◆ **Exercise objective**:
Exact copy, no pictures: output each line below as it stands.

◆ **Dataset content**:

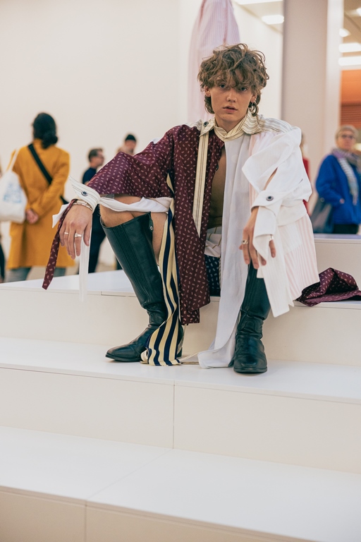 In der von Miriam Hie moderierten Preisverleihung, zeichnete Mag.a Olga Okunev, Referatsleiterin Sektion IV Bildende Kunst, Architektur, Design, Mode, Fotografie und Medienkunst beim Bundesministerium für Kunst, Kultur, öffentlichen Dienst und Sport, Modedesigner PETAR PETROV mit dem outstanding artist award für experimentelles Modedesign des BMKÖS aus. Mag.a Veronica Kaup-Hasler, amtsführende Stadträtin für Kultur und Wissenschaft verlieh den Modepreis der Stadt Wien an Jojo Gronostay mit seinem Label DEAD WHITE MEN´S CLOTHES.
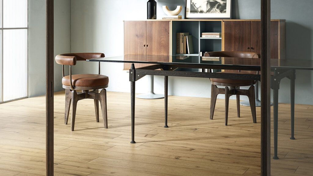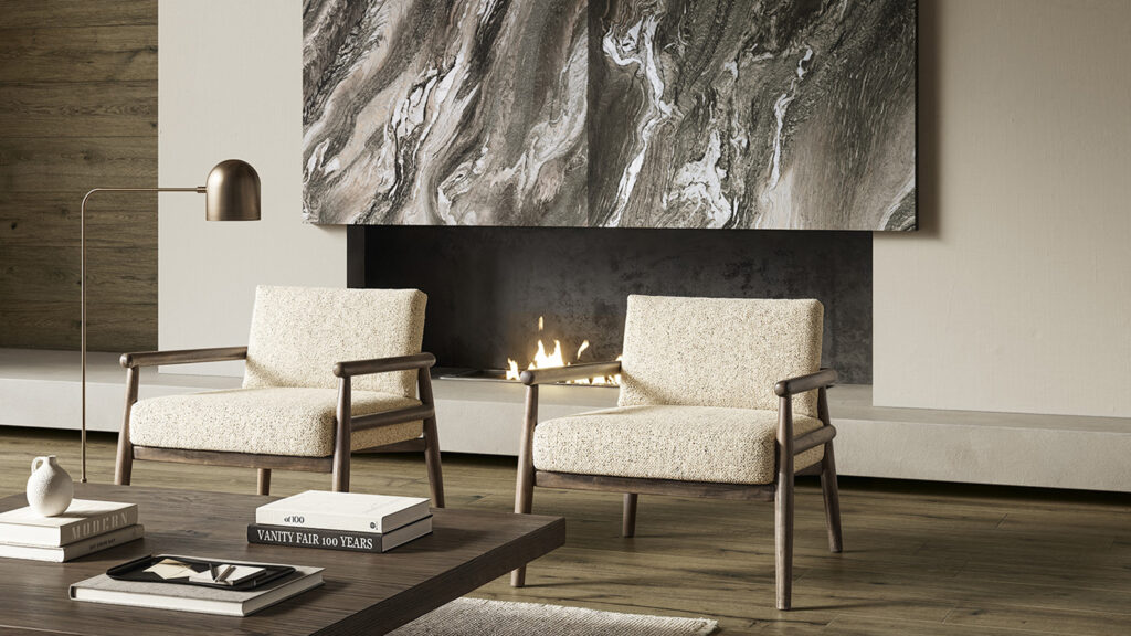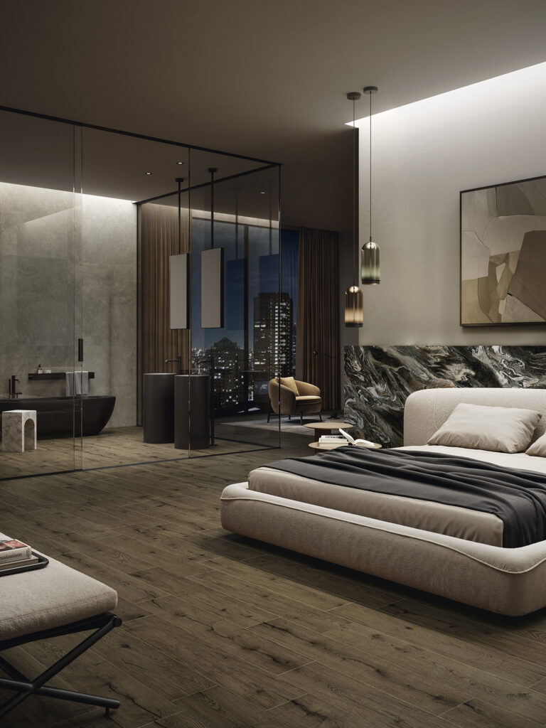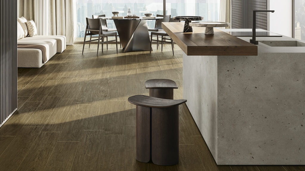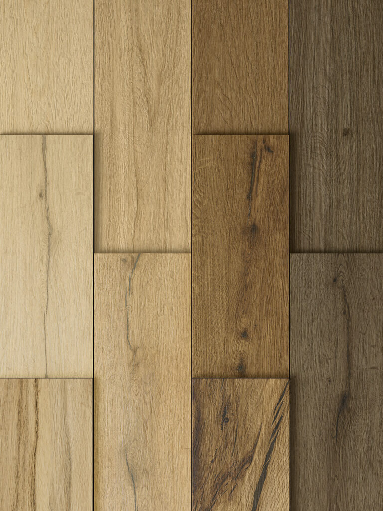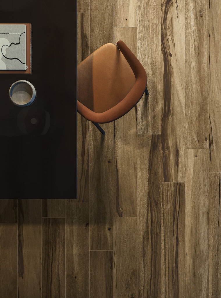 В основе коллекции — оттенки дерева, к которым сегодня чаще всего обращаются в архитектуре интерьеров. Десять вариантов графики плитки под дерево — от нейтральных и почти невесомых, до более глубоких, благородно состаренных — создают гармоничные сочетания с камнем, мрамором и декорами.
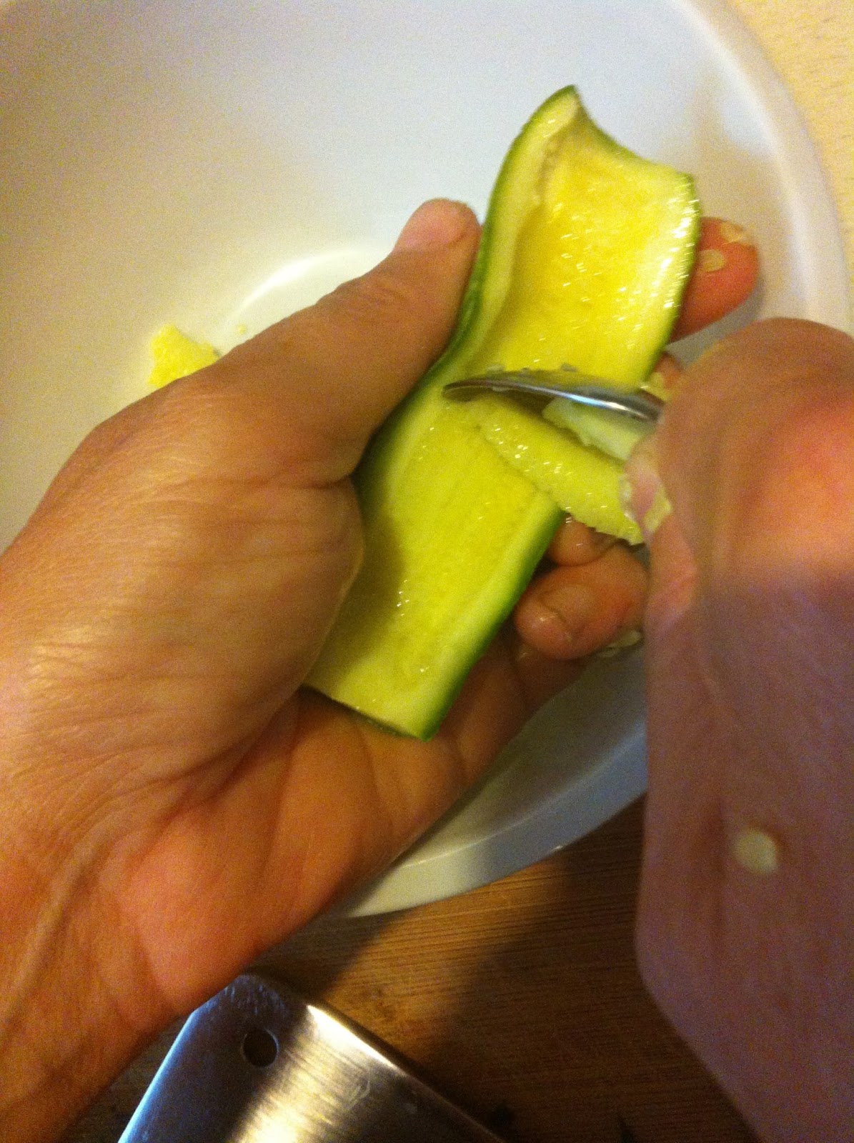 2. Tagliare le zucchine a metà e svuotarle della polpa, raccogliendola in una zuppiera

◆ **Task response**:
 In der von Miriam Hie moderierten Preisverleihung, zeichnete Mag.a Olga Okunev, Referatsleiterin Sektion IV Bildende Kunst, Architektur, Design, Mode, Fotografie und Medienkunst beim Bundesministerium für Kunst, Kultur, öffentlichen Dienst und Sport, Modedesigner PETAR PETROV mit dem outstanding artist award für experimentelles Modedesign des BMKÖS aus. Mag.a Veronica Kaup-Hasler, amtsführende Stadträtin für Kultur und Wissenschaft verlieh den Modepreis der Stadt Wien an Jojo Gronostay mit seinem Label DEAD WHITE MEN´S CLOTHES.
 В основе коллекции — оттенки дерева, к которым сегодня чаще всего обращаются в архитектуре интерьеров. Десять вариантов графики плитки под дерево — от нейтральных и почти невесомых, до более глубоких, благородно состаренных — создают гармоничные сочетания с камнем, мрамором и декорами.
 2. Tagliare le zucchine a metà e svuotarle della polpa, raccogliendola in una zuppiera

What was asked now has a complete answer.